Von der Krippe bis zum Abitur

Der Weg, den man gehen kann, führt über den Kindergarten, manchmal auch schon über die Krippe, bis hin zum Abitur. Oft allerdings ist es Eltern nicht möglich, ihr Kind in eine Waldorfschule zu geben. Zum Beispiel, weil diese zu weit entfernt liegt. "Die Kleinen werden wohl in eine öffentliche Schule gehen - leider! Aber die nächste Waldorfschule ist 90 Kilometer entfernt. Das tu ich mir und den Kindern nicht an", schreibt eine Mutter im Internet.

Natürlich ist es stark abhängig von der Lehrkraft, aber grundsätzlich kommen die Kinder letztendlich auch in der Regelschule gut zurecht. "Trotzdem ist es sicher besser", bestätigt Barbara Schulz, "wenn man den anthroposophischen Gedanken leben möchte, eine entsprechende Schule zu besuchen. Damit die Pädagogik mehr ineinandergreift." In Nürnberg nutzen fast alle Eltern die Möglichkeit einer durchgehenden Erziehung. "Wir verstehen uns als Bildungshaus - Bildung von 0 bis 18 Jahren!" Wobei auch in einem Waldorfkindergarten Bildungsprogramme eine Rolle spielen. "Am Anfang waren wir alle ein bisschen geschockt von dem neuen Bildungsplan", erinnert sich die Waldorfpädagogin. "Dann aber haben wir festgestellt, dass wir die Kinder mit unseren Methoden ja sowieso schon zu Sozialkompetenz, Sprachkompetenz und Kompetenz in Naturwissenschaften erziehen. Dazu brauchen wir keine Extra-Stunden, bei uns ist das in die täglichen Abläufe bereits integriert."

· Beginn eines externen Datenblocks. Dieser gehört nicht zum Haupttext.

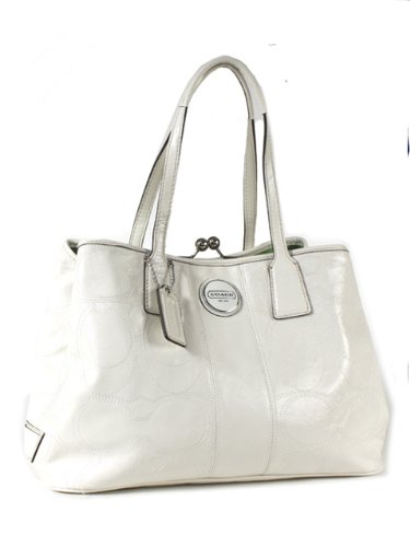 !±8± Coach Signature Leather Patent Framed Carryall Bag 15658 White

Kindergartenarbeit ist auch Elternarbeit

Nicht überall ist es einfach, einen Platz in einem Waldorfkindergarten oder einer Waldorfschule zu bekommen. Und es ist, auch trotz möglicher Zuschüsse, nicht gerade günstig. "Wir führen Aufnahmegespräche, in denen wir die Eltern darauf hinweisen, dass es wichtig ist, die Waldorfpädagogik auch zu wollen und nicht dagegen zu arbeiten." Denn dadurch können sich für das Kind schnell unverständliche Spannungsfelder ergeben. "Es macht aber auch genauso wenig Sinn, wenn wir hier in vielen Bildern sprechen und den Kindern zum Beispiel erklären, dass es regnet, damit es schöne Pfützen gibt und zuhause überschüttet man das gleiche Kind dann mit wissenschaftlichen Erklärungen."

Doch Barbara Schulz räumt ein, dass es im Lauf ihrer Berufslaufbahn auch immer wieder Kinder gab, bei denen sie dachte, es sei heilsamer, ein paar Stunden am Tag die Ruhe und Gelassenheit der Waldorfpädagogik zu erleben als gar keinen festen Pol im jungen Leben zu haben.